On January 15, 1836, Pine Run Post Office was opened and renamed and move to Thetford on December 26, 1844. A new Pinerun, or Pine Run, Post Office was opened on January 26, 1852. On November 15, 1905, the Pine Run Post Office was closed.

On Monday November 27, 2017, the northern loop set of municipalities, including Vienna, began receiving water from the Karegnondi Water Authority pipeline and treated by Genesee County Drain Commission Water and Waste Division.

== Geography ==
According to the United States Census Bureau, the township has a total area of 35.0 square miles (90.8 km^{2}), of which 34.96 square miles (90.7 km^{2}) is land and 0.04 square mile (0.1 km^{2}) (0.11%) is water.

== Demographics ==
As of the census of 2000, there were 13,108 people, 4,926 households, and 3,669 families residing in the township. The population density was 374.4 PD/sqmi. There were 5,199 housing units at an average density of 148.5 /sqmi. The racial makeup of the township was 95.99% White, 1.12% African American, 0.51% Native American, 0.34% Asian, 0.01% Pacific Islander, 0.78% from other races, and 1.24% from two or more races. Hispanic or Latino of any race were 1.97% of the population.

There were 4,926 households, out of which 33.4% had children under the age of 18 living with them, 59.1% were married couples living together, 10.8% had a female householder with no husband present, and 25.5% were non-families. 20.7% of all households were made up of individuals, and 6.9% had someone living alone who was 65 years of age or older. The average household size was 2.61 and the average family size was 3.00.

In the township the population was spread out, with 24.8% under the age of 18, 9.1% from 18 to 24, 28.3% from 25 to 44, 26.0% from 45 to 64, and 11.8% who were 65 years of age or older. The median age was 38 years. For every 100 females, there were 98.8 males. For every 100 females age 18 and over, there were 94.3 males.

The median income for a household in the township was $46,863, and the median income for a family was $52,060. Males had a median income of $46,073 versus $26,684 for females. The per capita income for the township was $21,711. About 6.6% of families and 8.3% of the population were below the poverty line, including 13.8% of those under age 18 and 3.0% of those age 65 or over.

==Government==
The township receives water from the Karegnondi Water Authority pipeline treated by Genesee County Drain Commission Water and Waste Division.

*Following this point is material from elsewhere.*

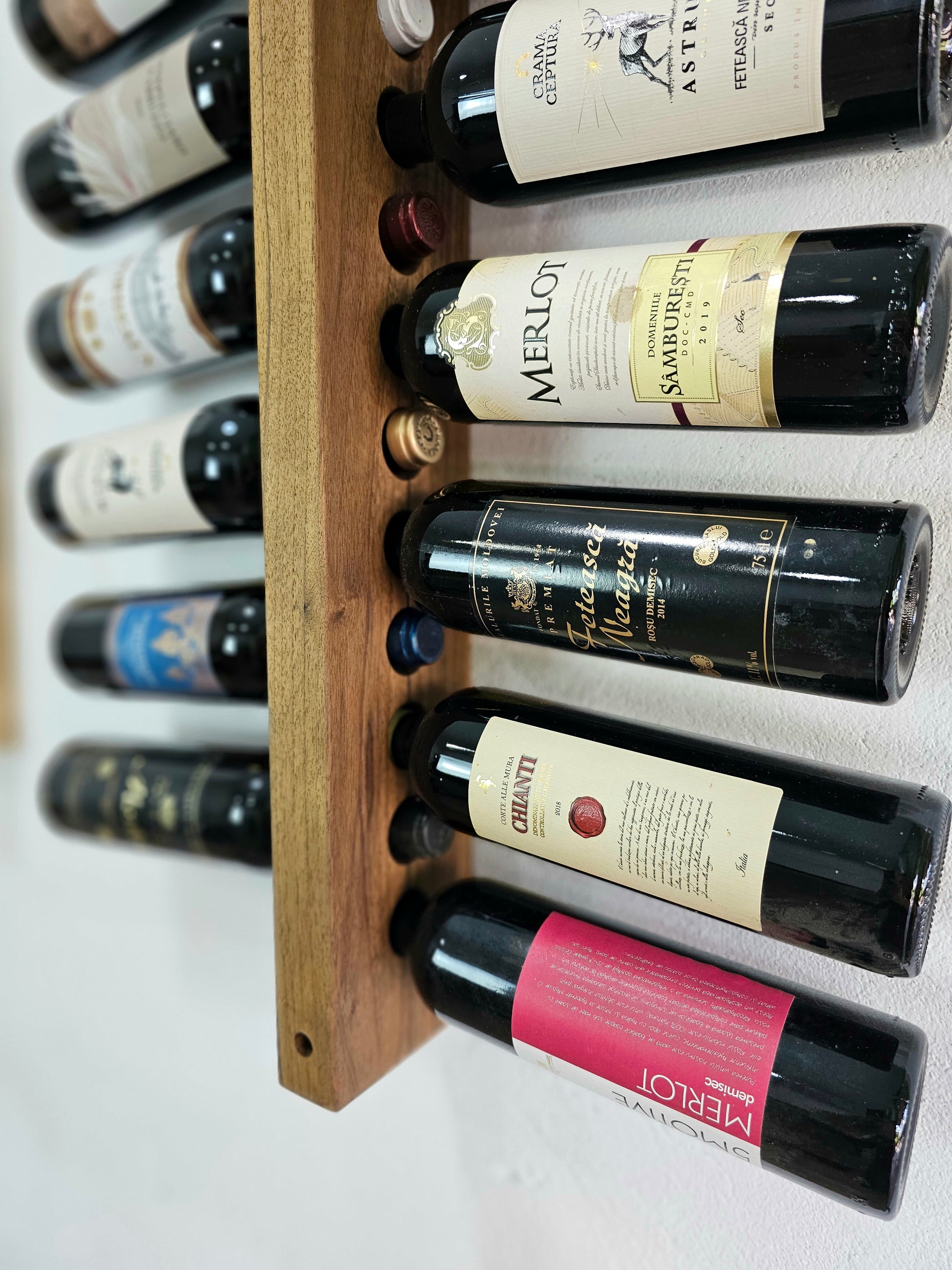 Vælg mellem tre størrelser: 60 cm til 10 flasker, 80 cm til 14 flasker og 120 cm til 21 flasker. Vinreolens ca. 4 cm tykkelse og 11 cm dybde skaber en robust og samtidig elegant ramme omkring din vinindsamling, og dens alsidighed gør den velegnet til enhver placering i dit hjem.

Vienna Township is part of the following:
- Genesee County Commissioner Districts 7, 8
- Michigan House of Representatives District 48
- State Senate District 27
- 67th District Court Division 1
- Michigan's 5th Congressional District
- Genesee District Library

Educational services are primarily provided by Clio Area School District while small parts of the township are served by Birch Run Area School District and Mt. Morris Consolidated Schools.